When I got married, on my birthdays I get home early. If it’s a working day, we don’t cook, we order food, people come in – my parents, siblings come – each one at his own time and really by 7 or 8 pm, I leave them in the house with my wife and I am gone; maybe to go and play snooker or tennis at the club. So, there was no ceremony around it. I am not a ceremony person. I don’t like those formalities and I remember that when I was Chief of Staff, I turned 40 and my friends said, “No it’s a lie; we are going to have a party” and I said, “No, if you do it I am going to run away.” Someone suggested Sunny Ade because they know I like him. They said they were going to bring him and I said, that’s the one that would make me run away; but in the event, I remember that we actually printed an invitation card. How they got me to do it, I can’t quite say. What I remember was that I had to wake up very early and I said, “this shouldn’t be; this is my birthday, I should be sleeping.

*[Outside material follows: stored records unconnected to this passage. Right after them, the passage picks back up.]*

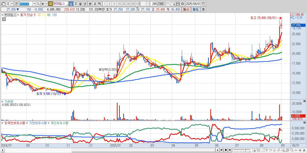 - 현대힘스 (27,250원 ▼ -0.55% , 시총: 9,668억, 거래량: 4,685,050, 거래대금:1,313억)
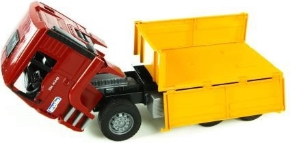 De MAN-vrachtwagen is uitgerust met een kiepbak die gemakkelijk laden en lossen van materiaal mogelijk maakt.
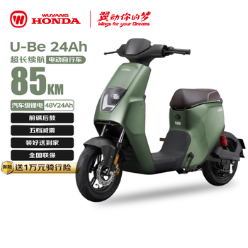 移动端、京东百亿补贴:五羊・本田 HONDA 五羊-本田电动自行车U-Be长续航85KM电动车锂电池48V24Ah电瓶车新国标上班代步小电驴牛油果绿
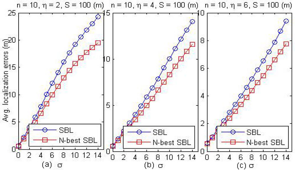 Figure 12 depicts the performance comparison of the SBL method and the N-best SBL method in terms of the average localization errors for η = 2 (a), η = 4 (b) and η = 6 (c), respectively. From the results in Figure 12, we can notice that for the wireless channel fading model by Equation 11, the average localization errors for the N-best SBL method are always lower than that of the SBL method when assuming standard deviation σ with various values. This indicates that the N-best SBL method has higher anti-noise ability.
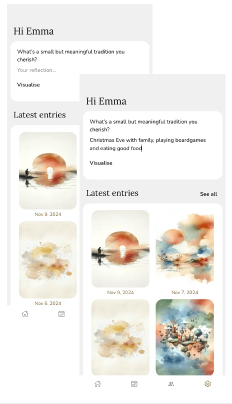 This project was driven by a desire to support mental well-being through design. It explores how digital experiences can encourage self-reflection, mindfulness, and self-awareness, drawing inspiration from principles of art therapy.
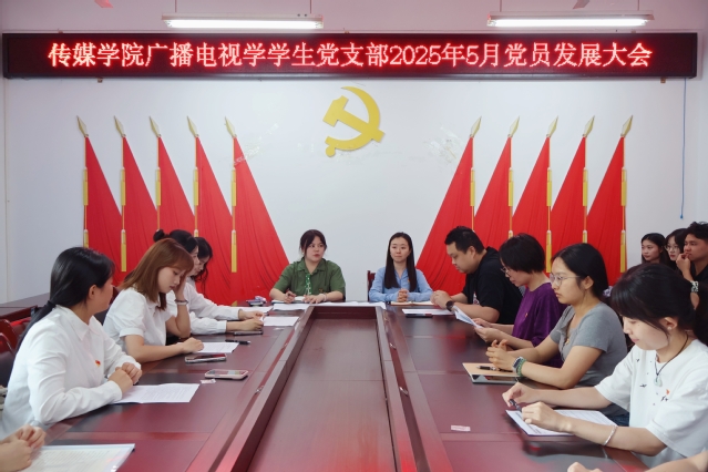 5月29日18时15分,传媒学院广播电视学学生党支部在格致楼2318会议室开展2025年5月党员发展大会。会议由党支部书记王雯同志主持,支部全体党员参加此次大会。
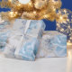 Blommigten Blått Silver-vattenfärg Presentpapper
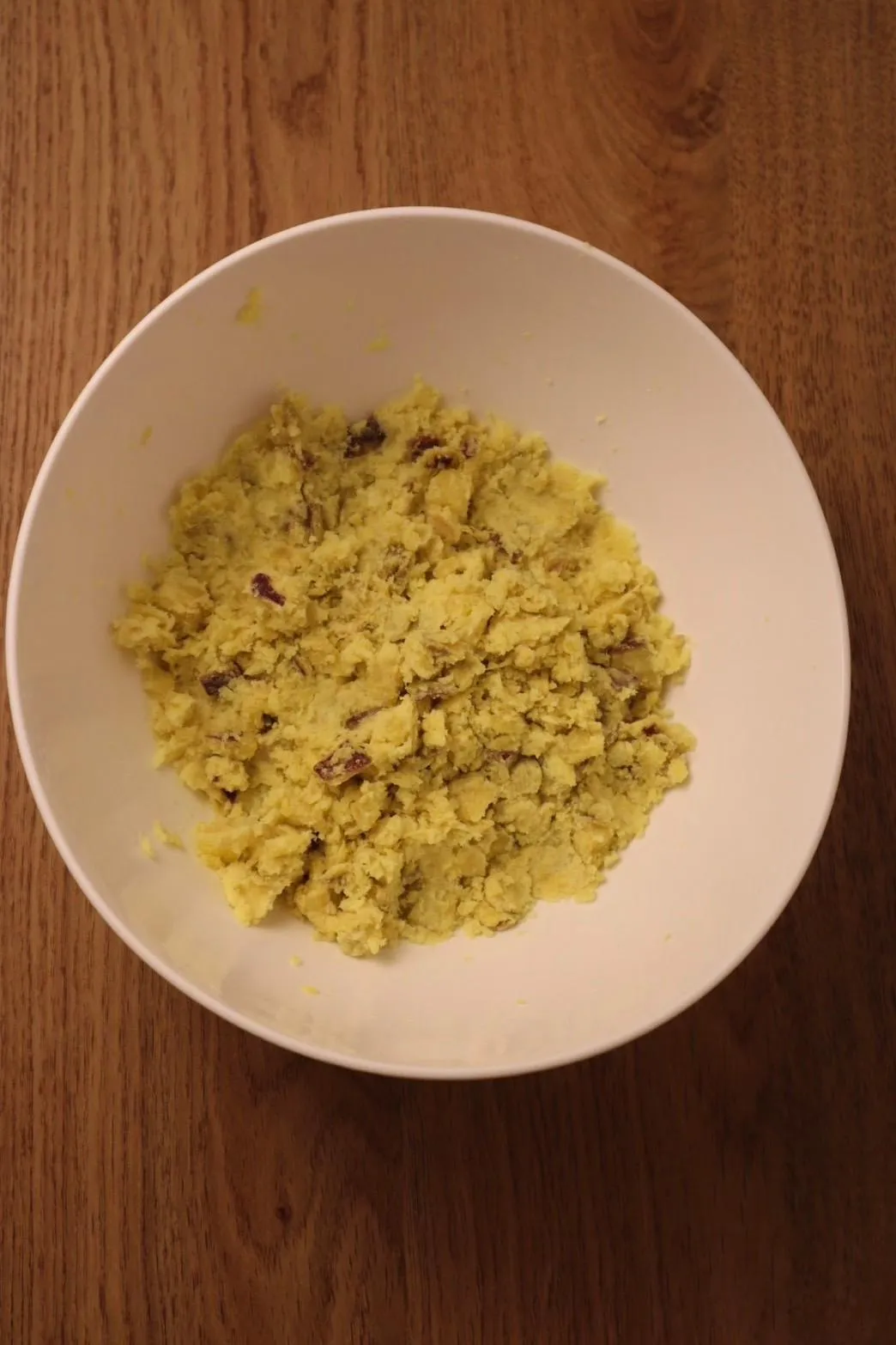 ② Dùng nĩa hoặc dụng cụ nghiền để nghiền khoai cho đến khi mịn.

But as early as 7am, we’d started prayers and from there, it was breakfast though I must confess that it was a day that I enjoyed. I had so many people around me; the governor, the Chief Judge and the Speaker came; everybody was there. But the party went on beyond my birthday because at 3am the following day, we were still there. So, I was living in another person’s day and I said, “No, this is not how it is supposed to be.” I remember that in the course of shaking everybody’s hands, you know, going from table to table, I think somebody had conjunctivitis and I picked it. When I woke up in the morning, I couldn’t open my eyes. But, I think the fun I had the day before, more than compensated for the discomfort. I had to send for my optometrist because it was very painful. This time, with all the plans going on, I said, ‘no’, that if this is my day, then those who really love me should allow me to do it my way. It didn’t cost me that much also to receive my visitors. I funded my 40th birthday by myself. I am not quite sure I can’t do the same now.
How do you mean?

As governor?

No. I am not even sure that I want to spend that kind of money on a party. If we can’t eat small rice and chicken in the house and I don’t even know if I want to dress up in a formal sense. I just want to feel free, see the people I want to see and if there is something going on, on television, I want to watch, instead of, ‘Oh, come and say hello to this person or that person.’ I am sure I am not mentally prepared for that and I don’t want to offend people. The idea that probably, I will have a birthday at taxpayers’ expense is something that doesn’t sit quite well with me and it’s only for 24 hours anyway.